- [Problem requirements] A stretch of the entries below is to be set down exactly, running from the line with "在澄澈泳池边,他迈着自信步伐" through the line with "И Тошко досега", both included, and no other line.

- [Records for the exercise]
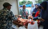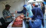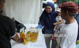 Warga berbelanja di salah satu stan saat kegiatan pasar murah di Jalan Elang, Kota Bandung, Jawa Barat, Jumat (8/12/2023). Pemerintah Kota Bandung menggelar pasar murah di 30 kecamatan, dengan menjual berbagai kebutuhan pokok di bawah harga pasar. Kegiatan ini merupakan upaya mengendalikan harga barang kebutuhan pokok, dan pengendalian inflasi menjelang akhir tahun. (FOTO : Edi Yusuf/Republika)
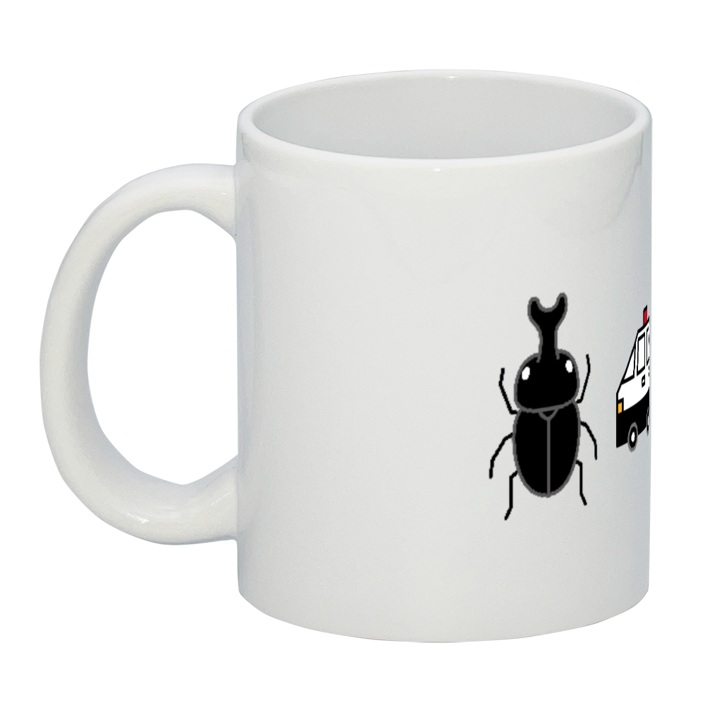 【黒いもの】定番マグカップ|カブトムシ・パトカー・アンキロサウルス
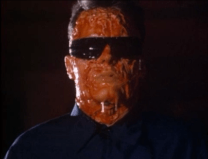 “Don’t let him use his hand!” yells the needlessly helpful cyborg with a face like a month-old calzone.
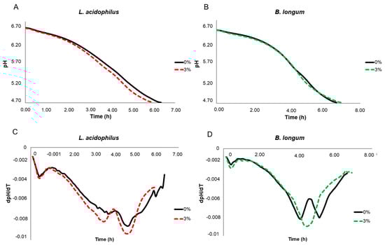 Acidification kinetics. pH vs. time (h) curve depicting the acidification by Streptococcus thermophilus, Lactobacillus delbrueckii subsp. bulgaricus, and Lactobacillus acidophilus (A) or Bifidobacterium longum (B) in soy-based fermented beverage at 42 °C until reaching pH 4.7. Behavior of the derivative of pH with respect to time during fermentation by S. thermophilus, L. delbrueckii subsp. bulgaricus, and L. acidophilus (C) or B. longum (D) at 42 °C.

* * *

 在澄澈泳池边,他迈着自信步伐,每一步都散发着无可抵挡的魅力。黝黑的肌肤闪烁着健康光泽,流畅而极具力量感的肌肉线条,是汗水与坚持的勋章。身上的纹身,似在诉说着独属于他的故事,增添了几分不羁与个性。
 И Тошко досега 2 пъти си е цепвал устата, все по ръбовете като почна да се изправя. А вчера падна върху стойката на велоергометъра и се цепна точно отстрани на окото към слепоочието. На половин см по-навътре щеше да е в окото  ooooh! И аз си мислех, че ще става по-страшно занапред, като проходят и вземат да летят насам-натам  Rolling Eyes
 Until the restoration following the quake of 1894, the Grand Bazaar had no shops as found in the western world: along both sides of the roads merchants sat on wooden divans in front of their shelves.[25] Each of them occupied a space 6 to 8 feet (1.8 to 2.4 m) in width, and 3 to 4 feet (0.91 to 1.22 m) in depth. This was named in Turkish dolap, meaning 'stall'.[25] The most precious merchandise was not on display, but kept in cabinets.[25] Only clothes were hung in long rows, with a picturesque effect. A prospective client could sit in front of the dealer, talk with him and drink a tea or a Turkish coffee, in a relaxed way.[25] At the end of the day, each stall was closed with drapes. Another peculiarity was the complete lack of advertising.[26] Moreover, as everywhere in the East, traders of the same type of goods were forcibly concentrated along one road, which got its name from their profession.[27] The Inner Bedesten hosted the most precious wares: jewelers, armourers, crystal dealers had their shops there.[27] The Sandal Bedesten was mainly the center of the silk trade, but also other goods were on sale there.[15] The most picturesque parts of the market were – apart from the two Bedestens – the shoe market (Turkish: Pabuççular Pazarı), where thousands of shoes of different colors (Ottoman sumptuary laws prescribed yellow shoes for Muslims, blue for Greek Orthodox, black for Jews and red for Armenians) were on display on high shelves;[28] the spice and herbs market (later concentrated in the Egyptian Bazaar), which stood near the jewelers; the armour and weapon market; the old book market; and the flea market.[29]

- [Answer to the problem]
 在澄澈泳池边,他迈着自信步伐,每一步都散发着无可抵挡的魅力。黝黑的肌肤闪烁着健康光泽,流畅而极具力量感的肌肉线条,是汗水与坚持的勋章。身上的纹身,似在诉说着独属于他的故事,增添了几分不羁与个性。
 И Тошко досега 2 пъти си е цепвал устата, все по ръбовете като почна да се изправя. А вчера падна върху стойката на велоергометъра и се цепна точно отстрани на окото към слепоочието. На половин см по-навътре щеше да е в окото  ooooh! И аз си мислех, че ще става по-страшно занапред, като проходят и вземат да летят насам-натам  Rolling Eyes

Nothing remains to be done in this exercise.